# FreeBSD boot up failure



## hrsahu (Jan 15, 2013)

Hi All,
I am facing a boot up issue for FreeBSD.
Background  -
> There was no other operating system
> I used 100GB of space for FreeBSD 8.2 installation  from 160 GB Hard disc space.
> It was booting properly and FreeBSD was working properly.
> But after installing Windows XP in the remaining 60 GB of the space, FreeBSD stopped working.
> I did not able to use a FreeBSD and XP and two different boot up.
> But I didn't touch FreeBSD partition while installing Windows XP.

Now I am not able to boot from FreeBSD. 
Could you please guide me how to repair this boot issue?

I tried to fix boot issue using FreeBSD 8.2 Live CD, but I could not do it properly.

Please help me on this.

Thanks a lot in advance


----------



## SirDice (Jan 15, 2013)

Why did you install 8.2? It's end-of-life and should not be used.

I think the easiest to fix would be to install EasyBCD. That will use the Windows bootselector.


----------



## hrsahu (Jan 15, 2013)

Hi ,
Thanks a lot for this reply.
I found this EasyBCD is a paid one.
Could you please suggest me any other way to get the 8.2 FreeBSD?

Regards


----------



## SirDice (Jan 15, 2013)

They should also have a free version. I've used it before to dual boot Windows 7 and FreeBSD.

Another option is to boot the FreeBSD install again and choose the Live or Fixit option.
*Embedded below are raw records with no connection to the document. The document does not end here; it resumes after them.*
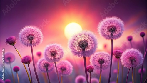 blowball, sunset, field, flower, pink, purple, yellow, light, seed, nature, delicate, bloom, blossom, fluffy, soft, summer, evening, sky, horizon, background, beauty, vibrant, abstract
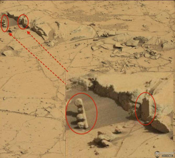 Виртуалните археолози успешно работиха през септември – ентусиасти, които търсят странности в снимки от други планети. тук онзи ден, на снимка, предадена от Марс от робота на НАСА „Любопитство“ (Любопитство от научната лаборатория на Марс), те откриха две наведнъж артефакт.
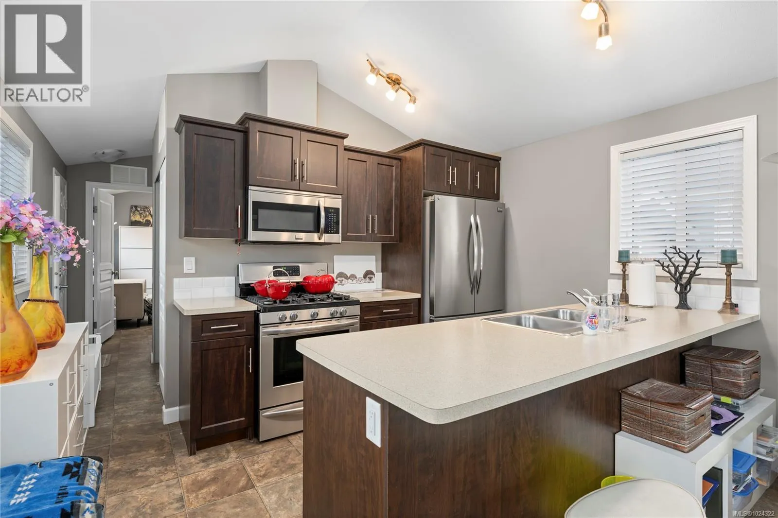 Best spot in Chemainus Gardens! This one bedroom, one bathroom park model manufactured home has everything you need in a wonderful location with a peaceful view. Great layout with an open kitchen, natural gas oven/stove, full appliance package including a washer & dryer, eating bar & slider to the deck. The cozy living area & open kitchen is on end

I'm assuming you used the 'traditional' MBR partitioning. 

`# boot0cfg -B ad0`
(That assumes your disk is ad0)

See boot0cfg(8) for more info.


----------



## hrsahu (Jan 15, 2013)

Thanks a lot for your help.
It worked for me.


----------



## wblock@ (Jan 15, 2013)

EasyBCD is free "for personal, non-commercial use".  Go to http://neosmart.net/EasyBCD/.  At the bottom of the page is a Non-Commercial box with a Register button.  Click that.


----------